Argh! The gifts I unknowingly bestowed. Such a waste.

Day 0348

What is it with men thinking that telling a woman they’re ‘really bright’ is a compliment? I mean, I suppose it is, but every time I’ve been told it, it’s presented to me as something surprising or comparative. Neither of which comprises much of a compliment in the end.

“You really are as bright as your friend said!’

‘You do actually know your stuff!’

‘You can hold your own during intelligent conversation!’

Why thank you, you condescending shit.

And, you know, the men who have felt  this was a big enough issue to raise with me multiple times, have given me the impression of being well-read, intelligent and interesting, but have turned out to be … not so much.

It’s one thing to have been exposed to good learning, to have read ‘important’ books and learned Latin. It’s quite another to be intelligent and a ‘thinking person’ who can play with ideas and make connections between things.

So perhaps in the end, intelligence is like some of those other qualities: beauty, integrity, decisiveness … in that the more one speaks about them, and the more one makes a point of recognising them, the more one is desperately wishing someone would tell them they possess those qualities.

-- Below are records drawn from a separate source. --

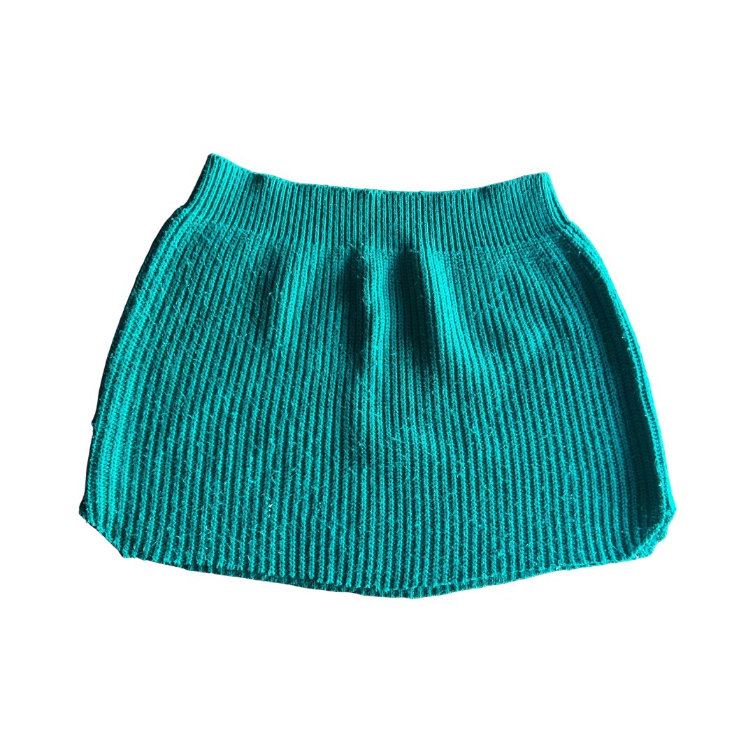 This bold teal mini skirt was reimagined from a chunky knit sweater and turned into the comfiest, cutest closet essential. With its ribbed texture and flattering fit, this skirt is perfect for cozy layering or showing off your funky side all year long.
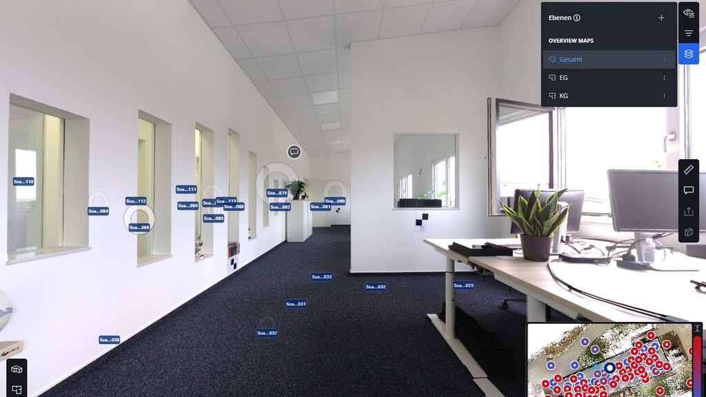 Neben präzisen Laserscanleistungen bieten wir Ihnen auch die passenden Werkzeuge für die Integration der gewonnen 3D-Scandaten in Ihre bestehenden Arbeitsprozesse. Unsere bewährten Visualisierungslösungen ermöglichen Ihnen und allen Projektbeteiligten einen schnellen und sicheren Zugriff auf Ihre 3D-Daten – sowohl über Browser als auch über leistungsstarke lokale Anwendungen. Die übersichtliche Darstellung liefert Ihnen unmittelbar relevante Erkenntnisse für fundierte Entscheidungen und optimierte Planungsabläufe in all Ihren Projekten.
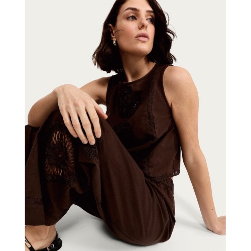 Embroidered Sleeveless Co-ord Beach Blouse in Brown
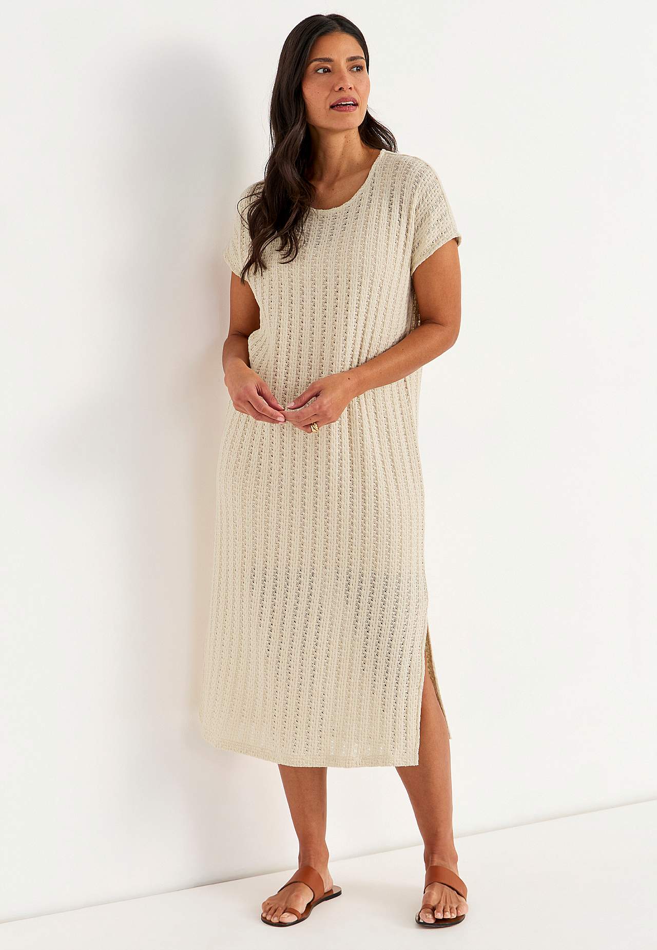 Adīta gaisīgas trikotāžas kleita ar izteiksmīgu caurumiņu rakstu. Mīksts, stingrs kokvilnas maisījums. Garš kaftāna stila modelis bez oderes. Iesakām valkāt virs krekliņa un baltiem džinsiem. Brīvs piegriezums. Apaļš kakla izgriezums. Īsas pagarinātas plecu līnijas piedurknes. Viegli noapaļota apakšmala ar šķēlumu sānos. Ga... Lasīt vairāk
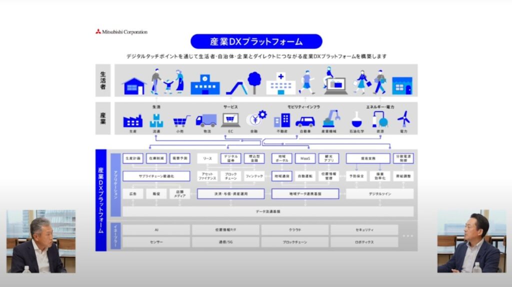 三菱商事のDX戦略は、「個別企業の課題解決」ではなく「社会全体の構造改革」をテーマとするプラットフォーム型のアプローチが特徴です。
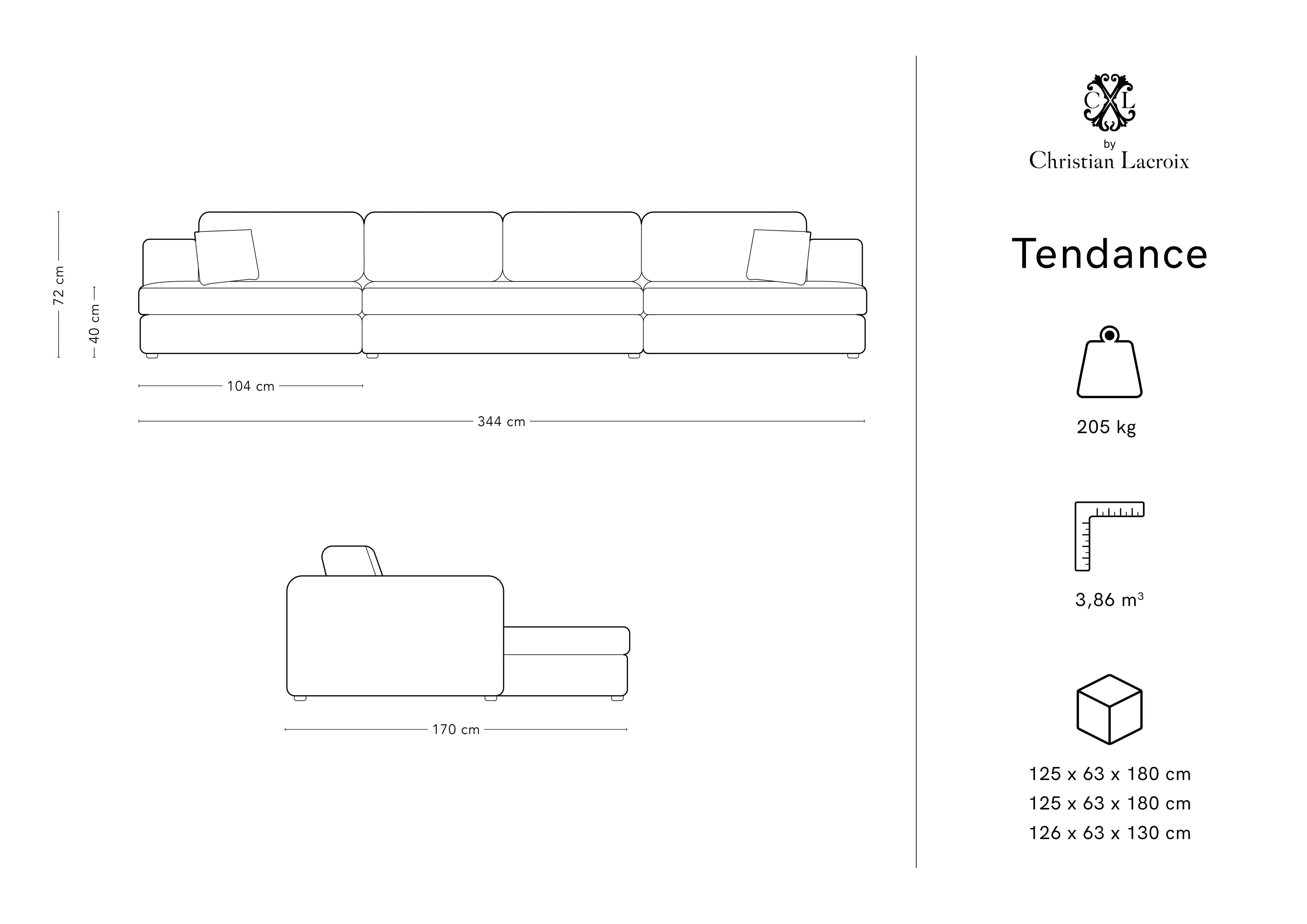 Panohoekbank Tendance, gesigneerd door het Franse modehuis Christian Lacroix, is een prachtige combinatie van tijdloze elegantie en modern design. De geometrische en subtiele vormen van deze hoekbank brengen een vleugje gezelligheid in uw interieur. Het kubistische ontwerp geeft het geheel een unieke uitstraling.
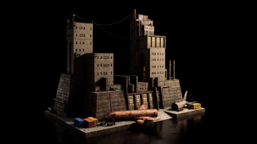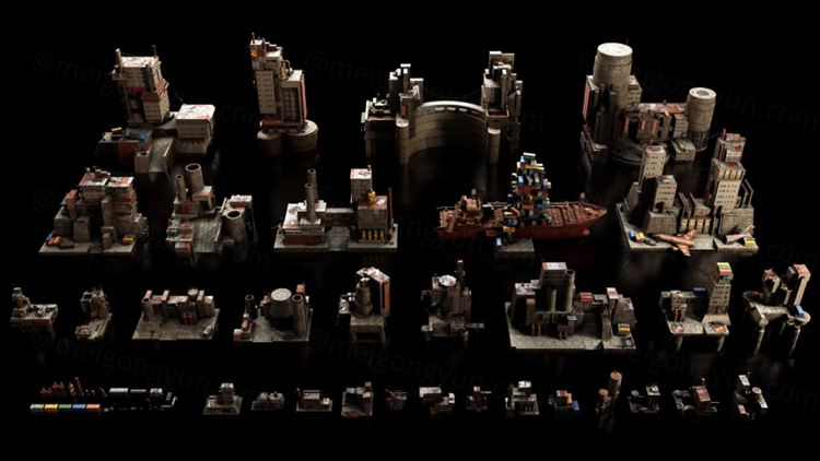 图穷联素材库 » 未来世界末日战后废墟荒芜遗弃工厂史诗级游戏场景3D模型素材
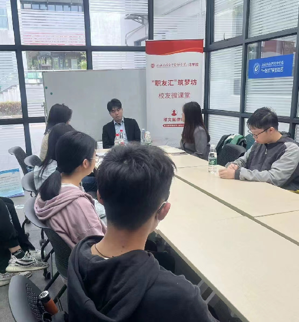 国浩律师集团事务所,成立于1998年,是中华人民共和国司法部批准组建的第一家律师集团事务所,国浩秉承“高效、诚实、信用、审慎、果断”的理念,时下已成为中国律师业居于领先地位的综合性律师事务所。旗下的律师团队学识精湛,经验丰富。邬文昊律师同时也拥有丰富的职业经验。为了加深同学们对职场竞争力的了解,让同学们学会通过评估多方面信息正确选择适合自己的职业,以及如何从初入职场的小白顺利过渡到合格职员,促使学生在初入职场时提高核心竞争力。邬律师与同学们进行了深度的交流。
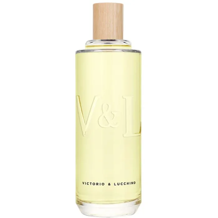 El frasco de Aguas Esenciales Pura Vida EDC de Victorio & Lucchino es robusto, de líneas sencillas y puras incluye en relieve las letras de la firma. De jugo amarillo refrescante se corona con un tapón de madera que denota su naturalidad y compromiso con el medio ambiente.
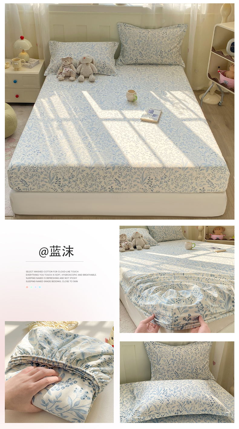 商品名称:女子家纺 2026新款全棉纯棉印花小印花花卉款单床笠床笠单件 微花耳耳蓝
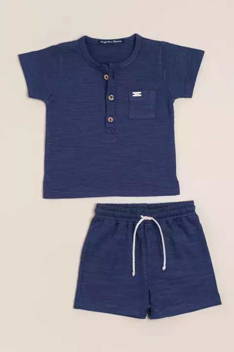 Conjunto de algodón compuesto por una remera de manga corta y un short. Color azul. Magdalena Espósito.
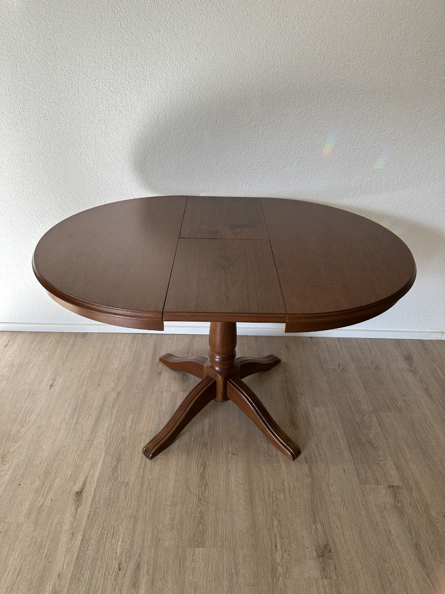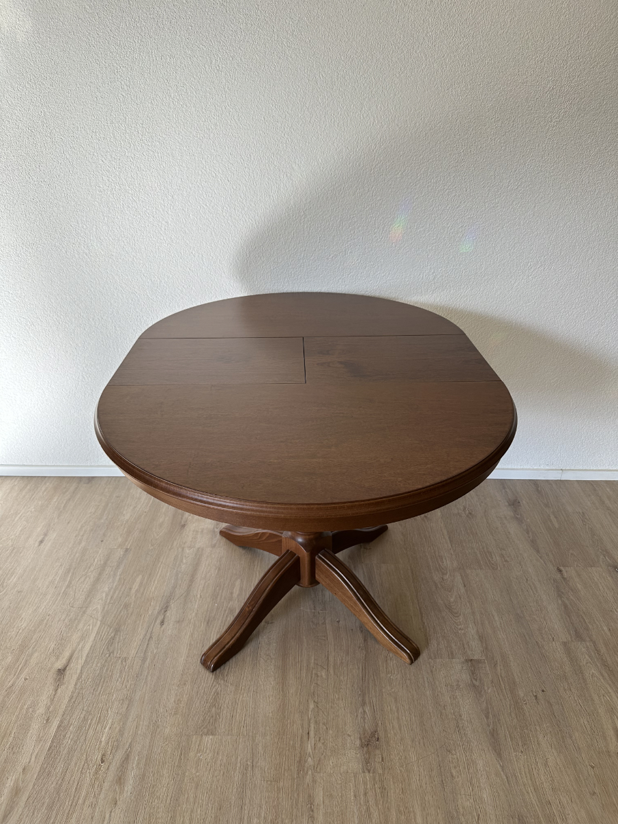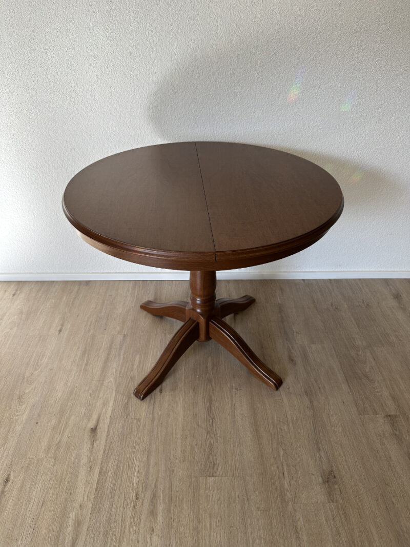 Runde Form, warme Holzfarbe und ein stabiler Mittelfuss mit vier geschwungenen Standbeinen: dieser Tisch passt perfekt in Küche oder Esszimmer und wirkt dabei zeitlos und hochwertig. Besonders praktisch ist die Ausziehfunktion. Mit wenigen Handgriffen wird aus dem runden Tisch eine grössere Tischfläche, ideal wenn Besuch kommt oder man einfach mehr Platz braucht.
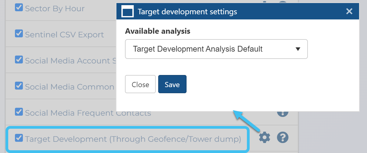 14. If you want to create an IQ packet report containing a target development analysis then create a custom report from the Custom IQ packet report settings screen containing the Target Development (Through Geofence/Tower dump ) IQ packet. The default analysis is always available but there may be additional analyses if you created any using Save to case analysis on your filtered selection. To select which analysis is used in the report, click then select from the available analyses.
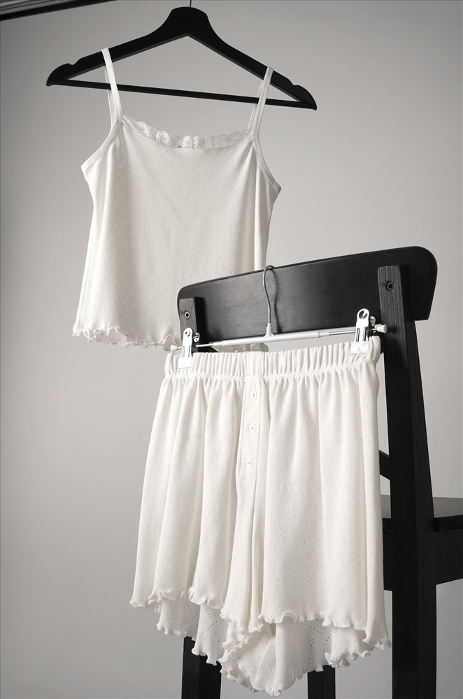 Ажурная пижамка с волнистыми краями — это максимум комфорта и немного кокетства в одном комплекте. Лёгкая, воздушная — она словно создана для самых приятных домашних вечеров.
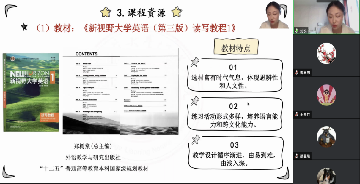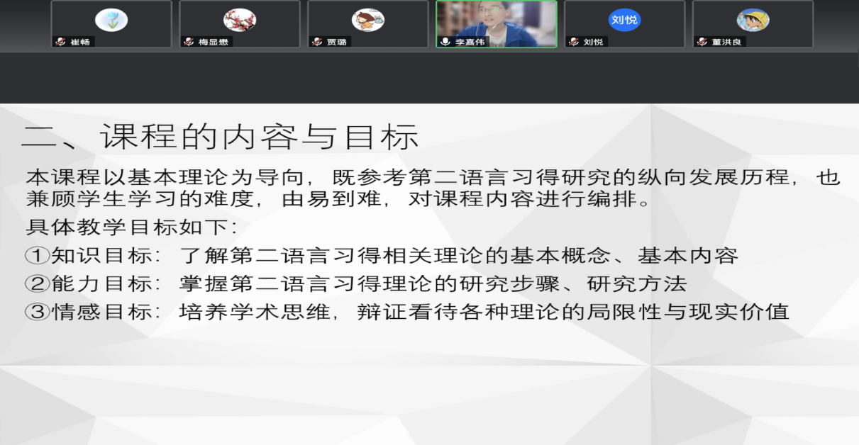 按照事先确定的说课顺序董洪良、刘悦、崔畅、王修竹、李嘉伟五位新教师分别围绕课程目标、教材、学情分析、教法和教学内容分配进行了说课。
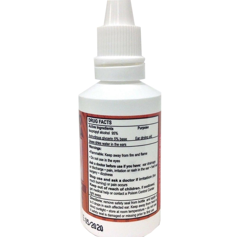 Isopropyl Alcohol based solution for ear aches. Clears water from ear canal. Perfect for swimmer’s ear.
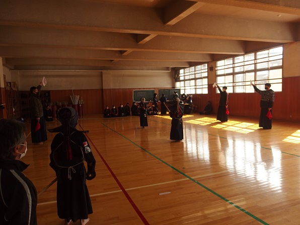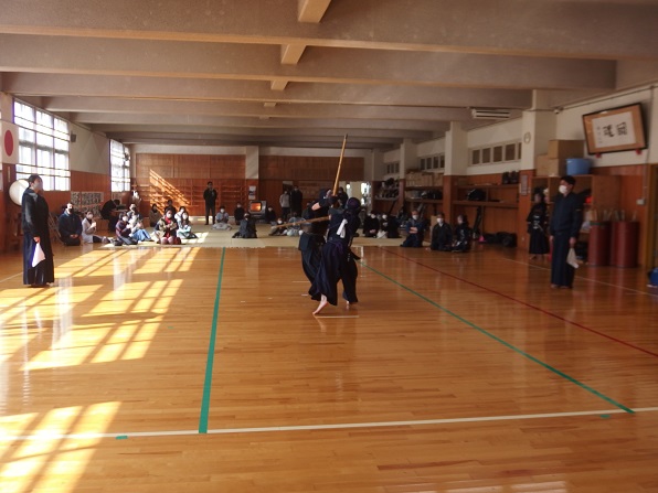 剣道大会の様子 (大会成績) 小学生1部 高橋凛成 優勝、中山皓斗 次勝、小中颯馬・野村晴花 3位 2部 高畠吉生 優勝、高橋佑心 次勝、小西夢翔・武部航 敢闘賞 中学生男子 辻村陽音 優勝、 女子 高橋奏乃 優勝、大谷日葉里 次勝
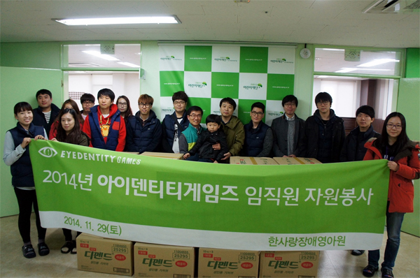 '드래곤네스트' 개발사 아이덴티티게임즈도 최근 경기도 광주시 한사랑장애영아원을 찾아 봉사활동을 진행했다. 아이덴티티게임즈 임직원들은 중증 장애아동의 식사보조와 재활훈련을 도우며 부족한 일손을 거들었다.
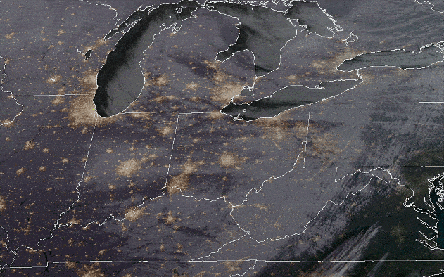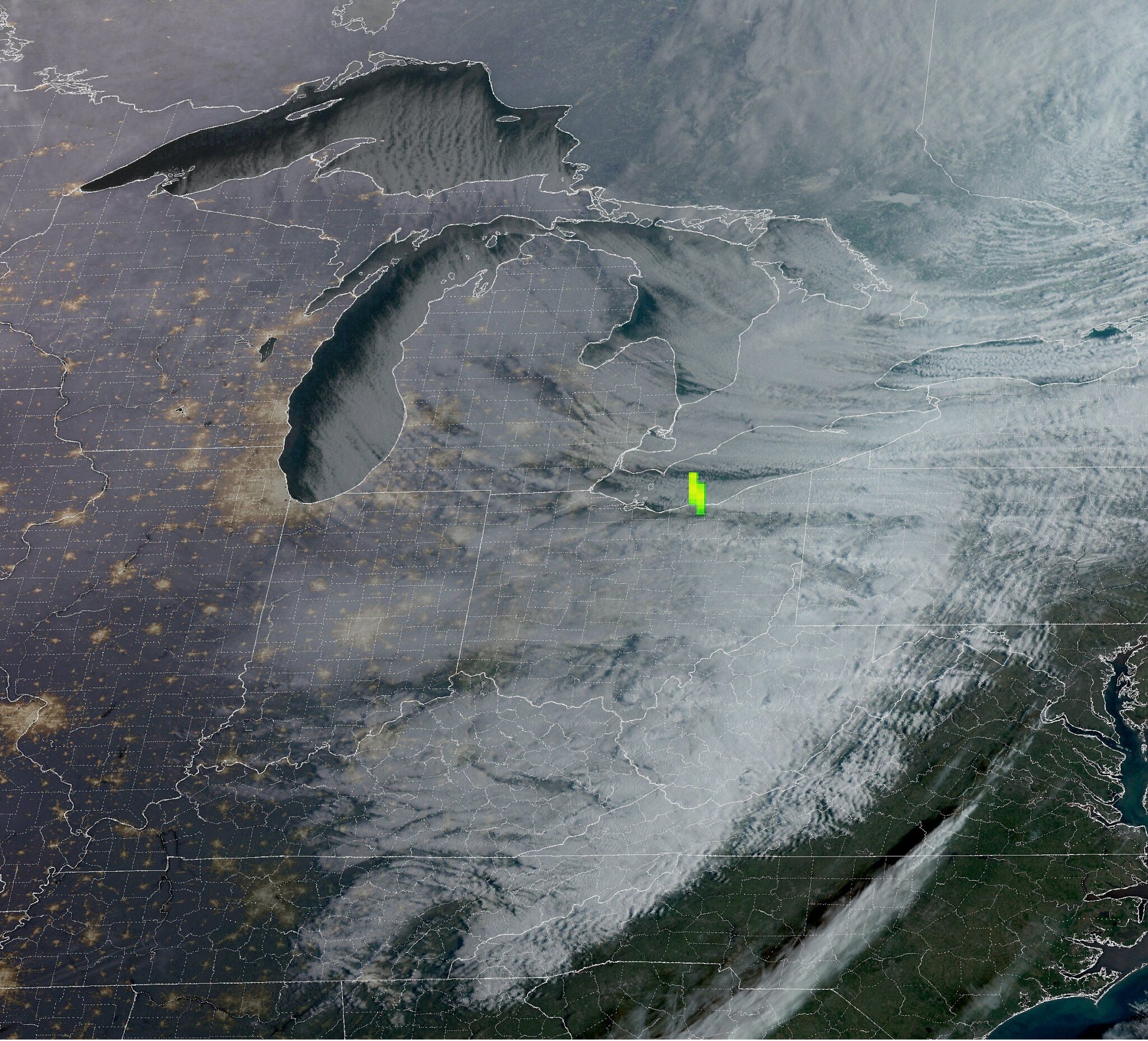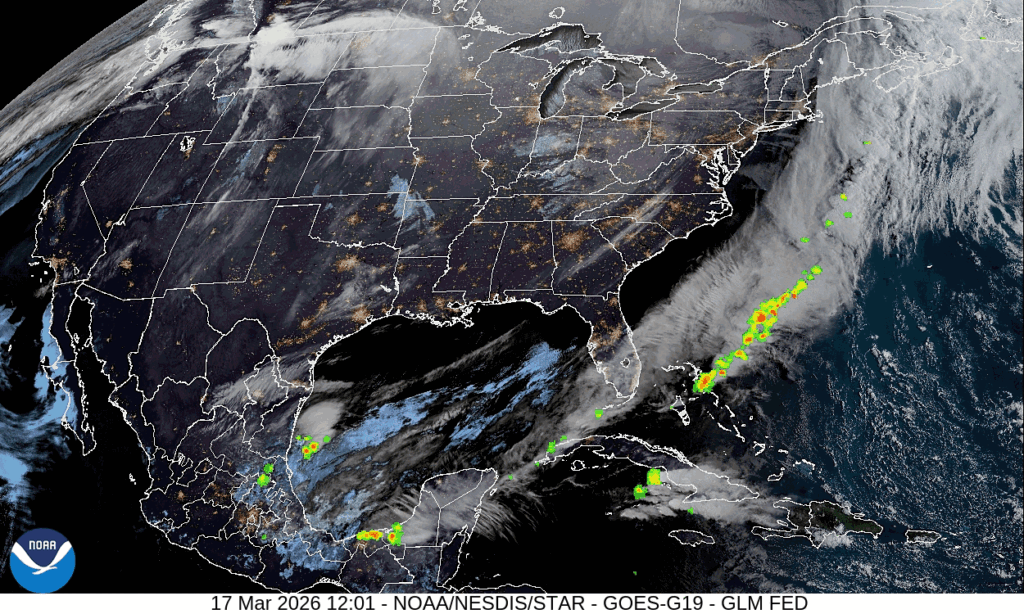 Bolide above Cleveland, Ohio, recorded by NOAA’s GOES-East ‘Geostationary Lightning Mapper'(GLM), a near-infrared optical detector, at 9:01 am ET (13:01 UTC) on Tuesday, March 17, 2026. (Image: NOAA GOES EAST)
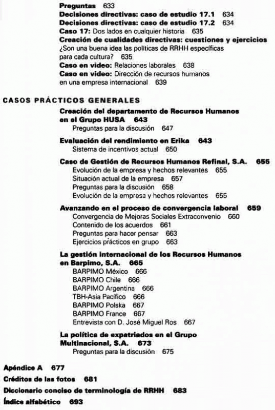 Incluye apéndices / Créditos de las fotos / Diccionario conciso de la terminología de RR.HH /

In journalism school we were taught to: show not tell

In PR I learned quickly this is true. I can tell you I’m honest all I want; it doesn’t mean much until you can see me being honest.

Day 0199

I remember the first time a boy ever told me I was pretty. It redeemed ever romantic dream I had ever had.
I was probably 20 at the time and we’d wandered through chilled, early spring fog and gloom from the university campus to a big, sprawling, seaside park.
We went and sat on Black Rock.
My nose was red and drippy in the cold.
We were rugged up.
He was listening to a tape on a Walkman, which I thought was rude but now sounds quaintly retro. He kept fast forwarding and rewinding some small bit.
Finally he stopped ignoring me as my bum froze on the rock. He stopped fiddling with the tape, shifted the headphones – those old foam ones they now give you on airplanes – onto my ears and pressed play.
It wasn’t music I liked. It was dark and gloomy and I’ve got enough of that inside my head without putting more in there.
But it was loud.

And the voice was saying over and over again:
‘Come here I think you’re beautiful
I think you’re beautiful
Some kind of angel come inside’

I looked at him and he stared down at my fingers.
I love that moment still.

Day 0157

Sometimes I think my son is a little Yoda – with less hairy ears and of greater stature – who has been given to me to drop pearls of great wisdom into the path in front of me.

Take this exchange for example:

Lil Yoda: My friend X says you’re a cool mum.
Me: How on earth would he know if I’m cool, he has hardly seen me.
Yodalini: Take a compliment, mum. You don’t get many.
Me: *silence as I take that one in*
Yodite: If you don’t take a compliment when someone gives you one, it’s like you’re saying that they’re lying. And that’s rude.
Me: *silence and maybe even a wee teardrop in my left eye*

Why does an 8 year old know so much more than me? Or have I just twisted my brain around simple truths until they can no longer be seen?

Day 0091

I am nearly incapable of taking a compliment. I constantly hear myself doing ‘that thing’ women do where they greet a compliment by putting themselves down: Person: I like your dress. Me: Oh, this old thing? It cost $4. I found it in the gutter. Doesn’t my tummy stick out so much? Etc.
Last night I made a conscious decision not to greet a compliment this way. And I managed it. But instead of putting myself down I waas thinking: What’s wrong with his eyesight? Why is he saying I look nice? What’s the real reason because I know it’s not because he thinks I look nice.
Does everyone do this?
I am not a suspicious person. At all. Otherwise how would I get taken in by the likes of Halfman? I believe in people. But apparently not where positive opinions of me are concerned,
How do I unlearn this! I want compliments. I want to be admired! I am only human after all.